Work required
Give a verbatim copy of the lines below, minus the pictures.

Recorded information
——
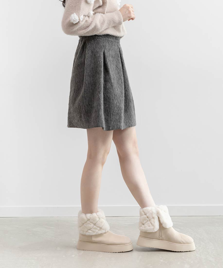 ふんわり広がる美シルエットが特徴的な冬の主役級フレアミニスカート。
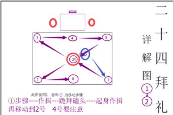 二十四拜的跪拜礼,与一跪三叩首、三跪九叩首相比,作揖和磕头的动作都一样,没有区别。二十四拜是跪八次磕二十四个头,共有八个地点要作揖磕头,每一次跪拜礼都是作揖一个、跪一次、磕头三个,基本步行图是八字形,吊唁者的具体行礼步骤和动作是:
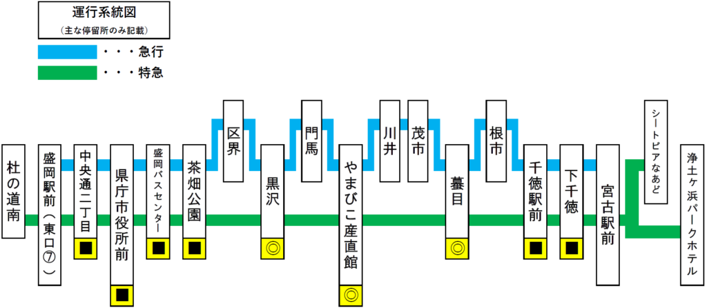 ●宮古駅前~シートピアなあど間はノンストップです。
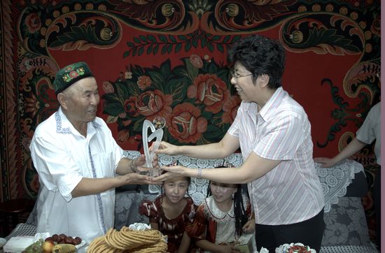 中國文聯黨組書記、副主席趙實專程趕往阜康市一位維吾爾族老鄉家慰問
——
Solution to this exercise
 ふんわり広がる美シルエットが特徴的な冬の主役級フレアミニスカート。
 二十四拜的跪拜礼,与一跪三叩首、三跪九叩首相比,作揖和磕头的动作都一样,没有区别。二十四拜是跪八次磕二十四个头,共有八个地点要作揖磕头,每一次跪拜礼都是作揖一个、跪一次、磕头三个,基本步行图是八字形,吊唁者的具体行礼步骤和动作是:
 ●宮古駅前~シートピアなあど間はノンストップです。
 中國文聯黨組書記、副主席趙實專程趕往阜康市一位維吾爾族老鄉家慰問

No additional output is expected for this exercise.